» Exercise brief
Return the listing in full and exactly, but without a single picture.

» Stored data
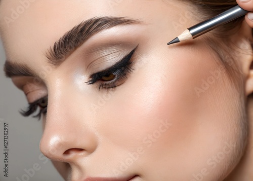 Close-up of a woman's eye with eyebrow pencil application, natural makeup detail, beauty and cosmetics concept, precision and definition, professional makeup, studio photography, subtle and elegant.
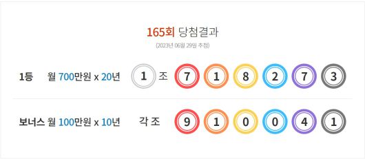 조를 제외한 번호 6자리 숫자가 모두 같은 2등은 5명이다. 2등은 10년간 월 100만원(세전 기준)을 받는다.
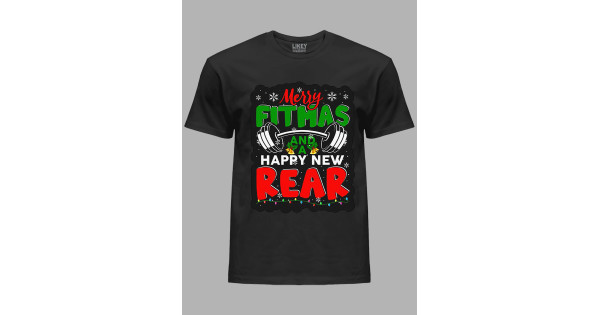 Новорічна футболка чоловіча з принтом "Щасливого фітнес Різдва і Нового Року/Merry fitmas and a Happy New Rear" (24110070)
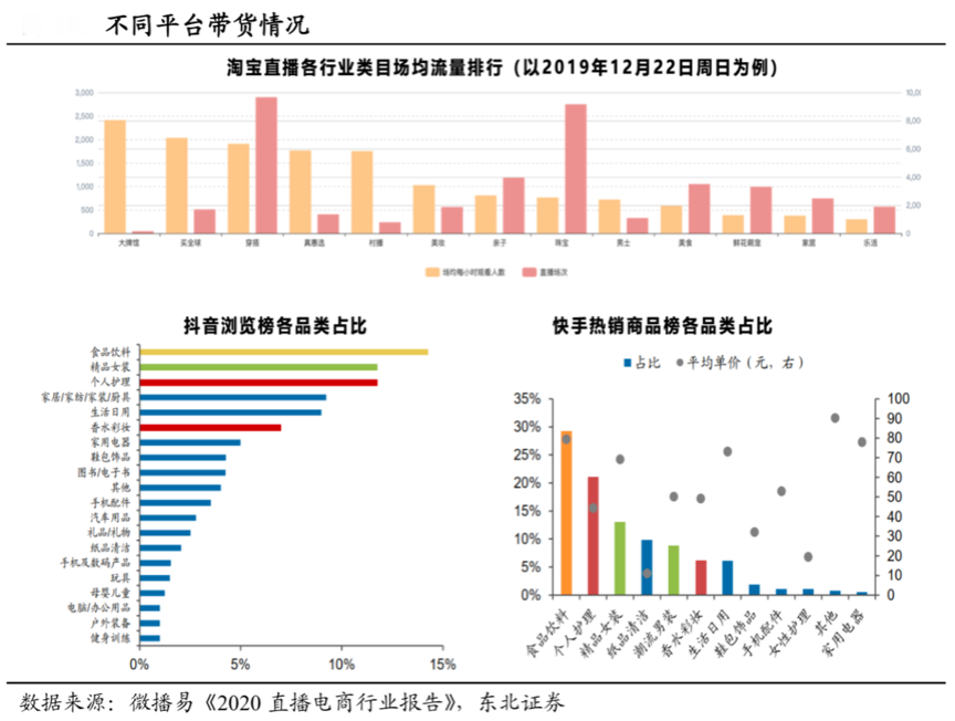 與此同時,優(yōu)秀的直播電商品牌商需要根據(jù)各平臺不同的“品類帶貨”情況,不同直播電商平臺精準匹配不同品類,以提高品類轉(zhuǎn)化率。根據(jù)微播易《2020直播電商行業(yè)報告》、東北證券等綜合資訊表明,淘寶直播的品以珠寶、穿搭等高價格品類為主,彰顯高品質(zhì)生活,有內(nèi)容、有互動,而以抖音為代表的“中心化直播平臺”則以標準化產(chǎn)品如食品飲料、精品女裝、個人護理等為主,以快手為代表的“去中心化直播平臺”則以食品飲料、個人處理等100元以內(nèi)的標準化消費品為主。

» Expected output
 Close-up of a woman's eye with eyebrow pencil application, natural makeup detail, beauty and cosmetics concept, precision and definition, professional makeup, studio photography, subtle and elegant.
 조를 제외한 번호 6자리 숫자가 모두 같은 2등은 5명이다. 2등은 10년간 월 100만원(세전 기준)을 받는다.
 Новорічна футболка чоловіча з принтом "Щасливого фітнес Різдва і Нового Року/Merry fitmas and a Happy New Rear" (24110070)
 與此同時,優(yōu)秀的直播電商品牌商需要根據(jù)各平臺不同的“品類帶貨”情況,不同直播電商平臺精準匹配不同品類,以提高品類轉(zhuǎn)化率。根據(jù)微播易《2020直播電商行業(yè)報告》、東北證券等綜合資訊表明,淘寶直播的品以珠寶、穿搭等高價格品類為主,彰顯高品質(zhì)生活,有內(nèi)容、有互動,而以抖音為代表的“中心化直播平臺”則以標準化產(chǎn)品如食品飲料、精品女裝、個人護理等為主,以快手為代表的“去中心化直播平臺”則以食品飲料、個人處理等100元以內(nèi)的標準化消費品為主。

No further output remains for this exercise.